Provided information

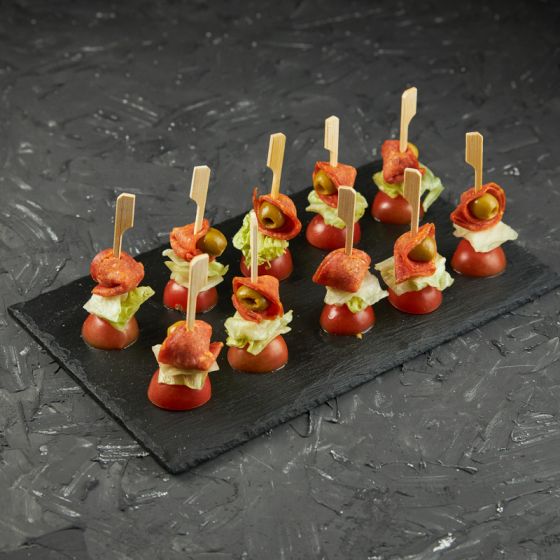 Состав: хлеб бородинский, колбаса пепперони, огурец, сыр плавленный, маслины
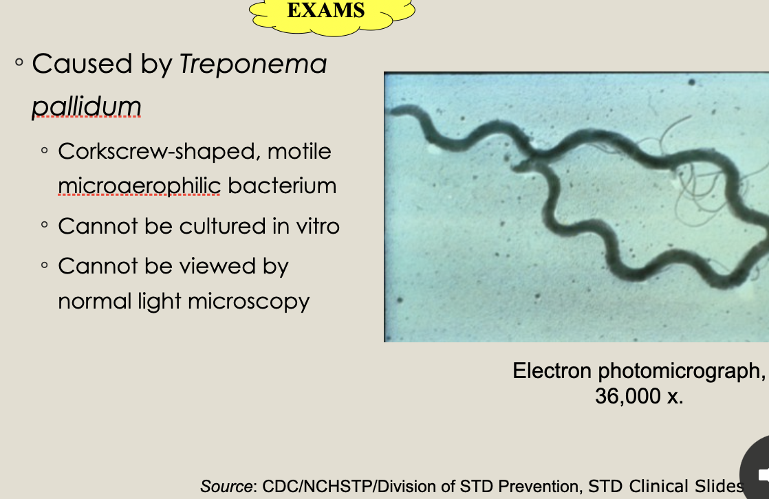 Treponema pallidum, corkscrew, motile, need darkfield/ fluoresc to see
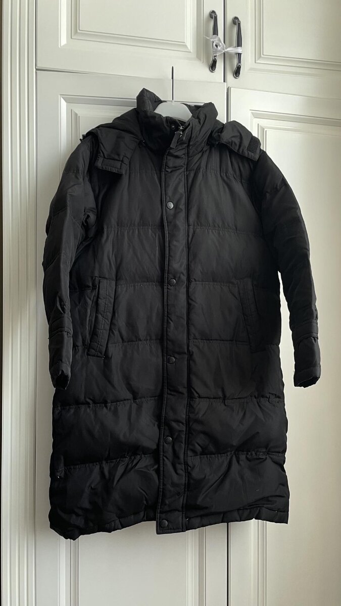Цвет: черный Длинный Размер M/L Рост: до 186 В хорошем качестве Только дырка в кармане
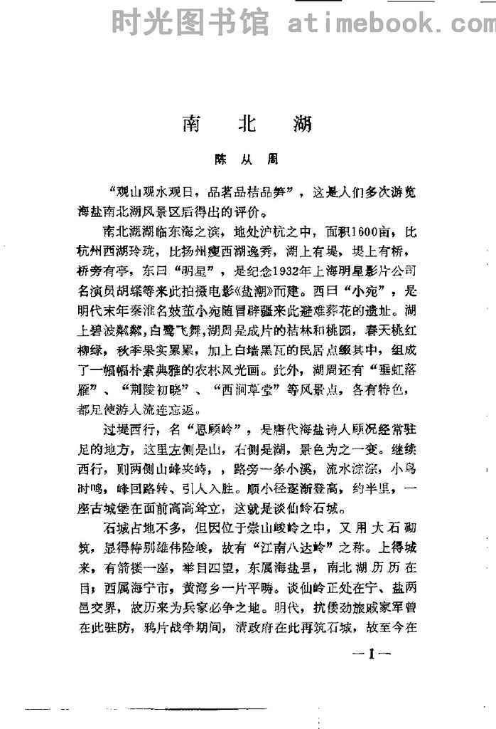 | 网盘路径:/时光图书馆珍藏系列/书籍文件/老图书/《南北湖风景专辑》电子版合集.db | ||
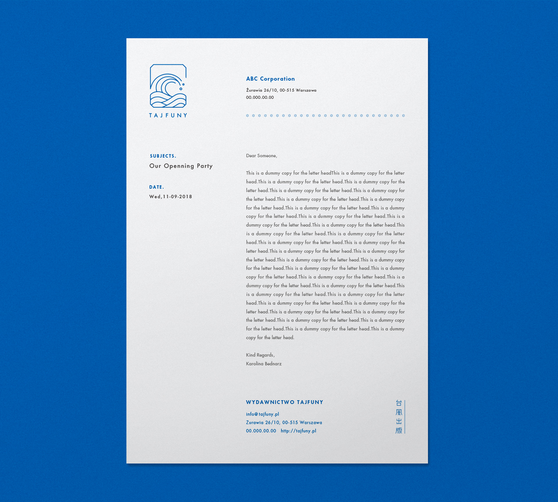 TAJFUNY is a Polish publisher & bookstore that handles Asian literary work. With a mission to translate mainly Japanese books into Polish in order to spread its allurement, they opened their store in Warsaw in October, 2018. We had been in charge of the design for their brand identity symbol mark, along with the branding tools, promotion visuals for social media, and book design for their publications.
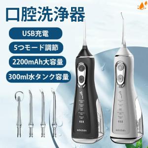 デンタルウォッシャー タンクレス 4種類水流モード 替えノズル 4本(2色×2本) 防水 IPX7 充電式 専用充電スタンド付き 小型 軽量 DENTNICS ホワ…

Aim of the task
Could you copy every record exactly, without the pictures?

Task answer
 Состав: хлеб бородинский, колбаса пепперони, огурец, сыр плавленный, маслины
 Treponema pallidum, corkscrew, motile, need darkfield/ fluoresc to see
Цвет: черный Длинный Размер M/L Рост: до 186 В хорошем качестве Только дырка в кармане
 | 网盘路径:/时光图书馆珍藏系列/书籍文件/老图书/《南北湖风景专辑》电子版合集.db | ||
 TAJFUNY is a Polish publisher & bookstore that handles Asian literary work. With a mission to translate mainly Japanese books into Polish in order to spread its allurement, they opened their store in Warsaw in October, 2018. We had been in charge of the design for their brand identity symbol mark, along with the branding tools, promotion visuals for social media, and book design for their publications.
 デンタルウォッシャー タンクレス 4種類水流モード 替えノズル 4本(2色×2本) 防水 IPX7 充電式 専用充電スタンド付き 小型 軽量 DENTNICS ホワ…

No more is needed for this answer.